A starring role is reserved for the colourful cast of characters who dug up and described all these dinosaurs, both fossil hunters and palaeontologists. This includes, of course, O.C. Marsh and E.D. Cope and their fierce rivalry known as the Bone Wars. Museum staff whose names I encountered while reviewing Assembling the Dinosaur and American Dinosaur Abroad. Fossil hunters such as workaholic John Bell Hatcher, the eccentric Austro-Hungarian Baron Franz Nopcsa, the flamboyant Roy Chapman Andrews who led a series of ambitious expeditions into the heartland of Mongolia in the 1920s, or Barnum Brown. But also researchers who have yet to be the subject of a biography and are therefore less well known to the general public, such as José Bonaparte, who through exceedingly hard work has single-handedly put Argentina on the palaeontological map. Their stories and adventures are worth the price of admission alone.
“A starring role is reserved for the colourful cast of characters, both fossil hunters and palaeontologists, […] Their stories and adventures are worth the price of admission alone.”

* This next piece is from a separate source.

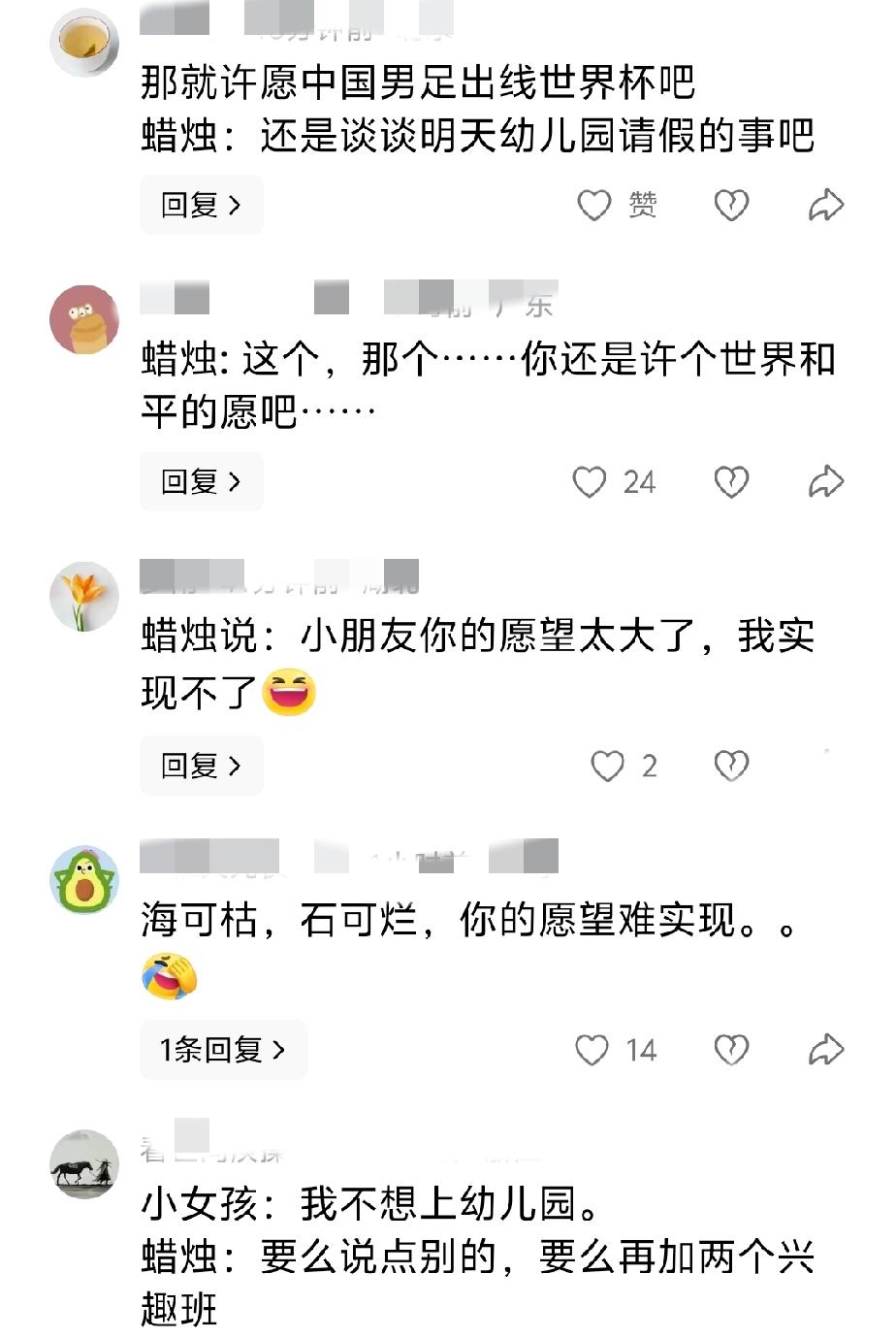 这个小女孩火上了新华社 她过两岁生日许的愿,是我不想上幼儿园,然后就开始吹蜡烛,连着吹了三次这蜡烛都没吹灭。 网友们调侃 蜡烛:小朋友你的愿望太大了,我实现不了。 海可枯,石可烂。你的愿望难实现 蜡烛:要么说点别的,要么再加两个兴趣班 小女孩太可爱了,蜡烛吹不灭,这个生日愿望难实现啊!

The book is liberally illustrated with black-and-white photos and drawings, both historical and contemporary. As with his previous book, this works for most illustrations, but some are either too dark or too drab (the reconstructions by Nobu Tamura would have been better off reproduced in colour). There are photos of amazing museum displays that I would love to see myself one day (the wall of not-yet-excavated dinosaur bones in Utah’s Dinosaur National Monument Quarry Visitors Center, or the wall of skulls showing the ceratopsian family tree at the Utah Museum of Natural History). Not to mention the photos of exceptionally preserved fossils (the nodosaur mummy retrieved from Alberta’s tar sands beggars belief!)
The Story of Dinosaurs in 25 Discoveries bubbles over with the same love for the field that characterised Brusatte’s The Rise and Fall of the Dinosaurs and Benton’s The Dinosaurs Rediscovered, making it a must-read for dinosaur enthusiasts. You might think that with three books Prothero’s approach is becoming formulaic (indeed, a fourth book, The Story of Evolution in 25 Discoveries, has already been announced for later this year), but when a formula is this well-executed, I, for one, am hungrily eyeing up the next book.